ON AVAIT DIT ACCUEIL TEMPORAIRE…

Mathilde 43 ans, porteuse d’une hépatite C, élève seule ses quatre enfants, et ce n’est pas facile tous les jours.

Voici l’histoire de Mathilde : à cette époque, les seuls traitements disponibles étaient constitués d’interféron et de ribavirine, avec les nombreux et difficiles effets secondaires tristement célèbres, dont des troubles de l’humeur et des syndromes dépressifs une fois sur trois.

Mathilde était porteuse d’une hépatite C sévère pré-cirrhotique et pendant 1 an nous avions tenté de l’amener à se soigner.

Mais elle ne se sentait pas la force de s’occuper de ses enfants et de se lancer dans 48 semaines d’un traitement aussi lourd.

Après avoir rencontré l’assistante sociale de l’équipe elle a été mise en rapport avec la circonscription d’action sociale.

C’est là qu’on lui a proposé un placement temporaire de ses quatre enfants en famille d’accueil, pour lui laisser le temps de faire son traitement, mais en lui maintenant tout de même un droit de visite.

N’ayant pas de famille proche pour accueillir les enfants, Mathilde finit par accepter et débuta son traitement.

Malgré un traitement qui fut difficile, la guérison était au bout du chemin.
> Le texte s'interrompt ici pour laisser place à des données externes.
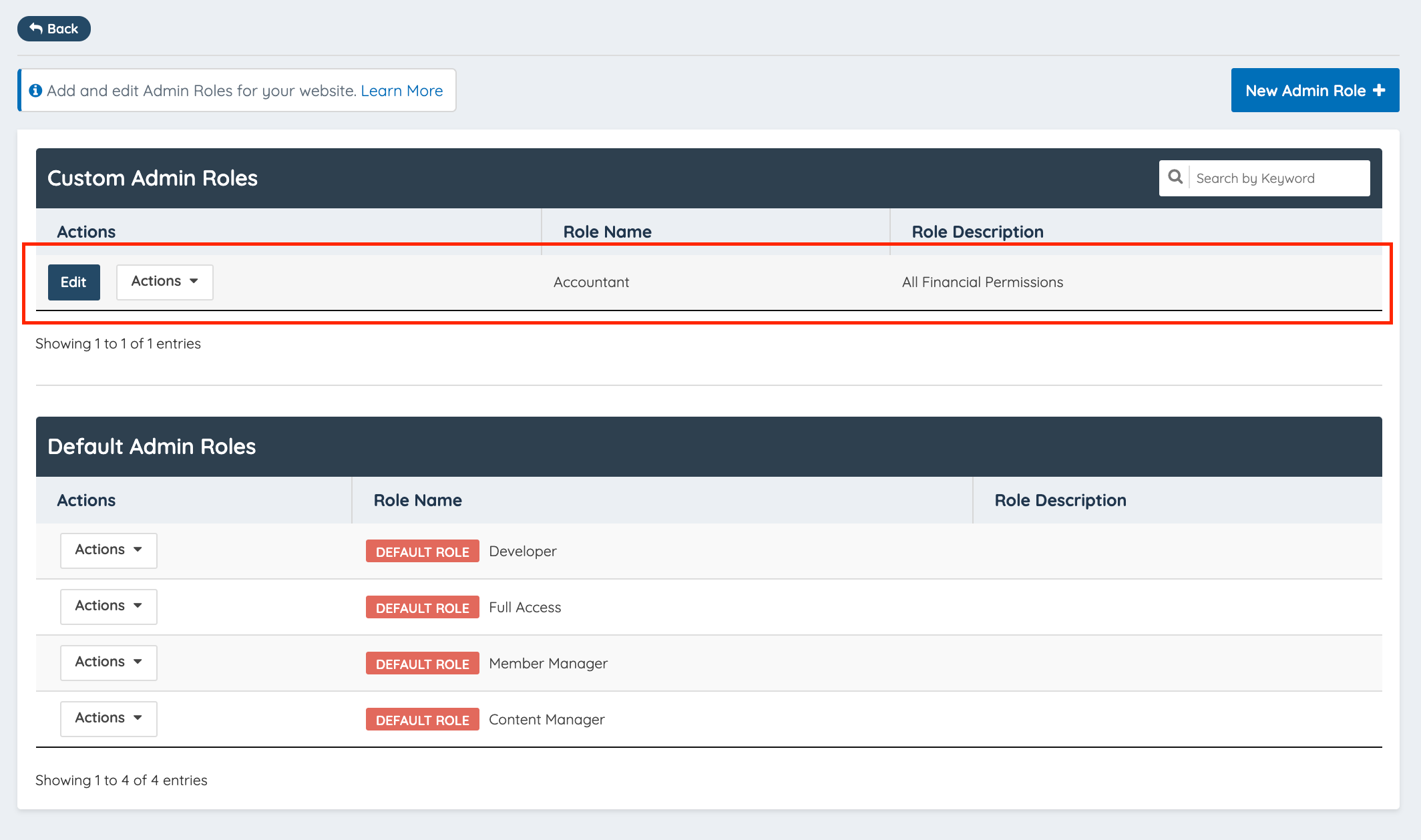 If a Role has not been selected for an Admin Account, the Admin account will have access to all pages in the Admin area.
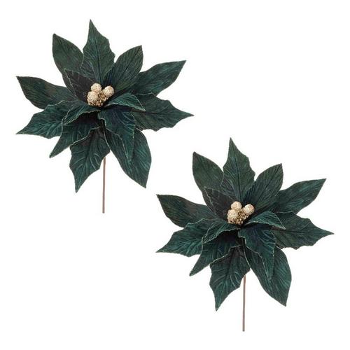 Melrose International 28in Green Poinsettia Stem (Set of 2)
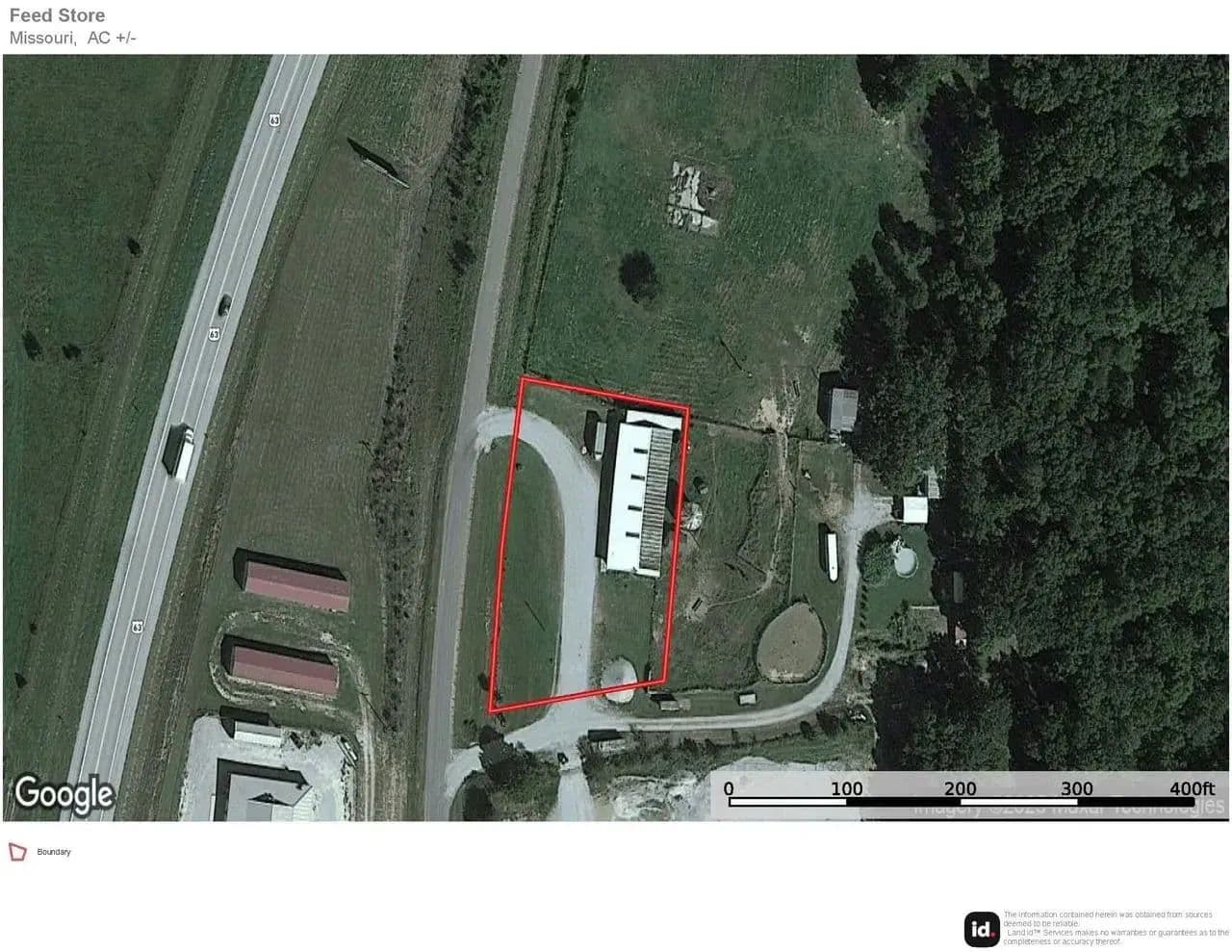 This property currently used as a local feed store is 40 X 100 foot pole barn with concrete floor as well as concrete loading dock. The building has a 20 x 40 store area with an office and a restroom. The building sits on a level lot with lots of frontage on a paved County Road at the Edge of town with visibility from Highway 63. A good circle drive for easy loading and unloading. There are many possibilities for this property, call today to take a look and see this great location!

Nous partagions sa satisfaction. Il ne lui restait plus qu’à récupérer ses enfants et à reconstruire enfin une nouvelle vie.

Oui, mais voilà, pour que la circonscription d’Action Sociale lui rende ses enfants, cette dernière devait s’assurer d’une situation bienveillante et pérenne et de l’absence de risque pour les enfants. C’est alors que travailleurs sociaux, éducateurs et psychologues se sont succédés et que leur conclusion fut celle-ci : « Les conditions ne sont pas réunis pour l’instant pour confier à nouveau les enfants à leur mère !»

Mathilde sombra alors dans une dépression construite sur sa culpabilité ce qui fit confirmer à la seconde évaluation que l’on avait bien fait de ne pas lui rendre ses enfants.

Pendant ce temps son fils ainé était devenu majeur et avait donc quitté la famille d’accueil pour se livrer à de petits larcins et se retrouver rapidement en prison. Au bout de deux ans de procédure et d’expertise Mathilde finit par récupérer ses trois enfants, mais à quel prix ! Elle était guérie certes, mais les dégâts collatéraux sur sa famille avaient laissé des traces indélébiles. L’accueil temporaire n’était pas si anodin…

Même aujourd’hui, si la guérison est davantage accessible, il faut se souvenir que l’hépatite virale ne touche pas seulement la personne qui la porte, mais c’est toute une famille qui en souffre.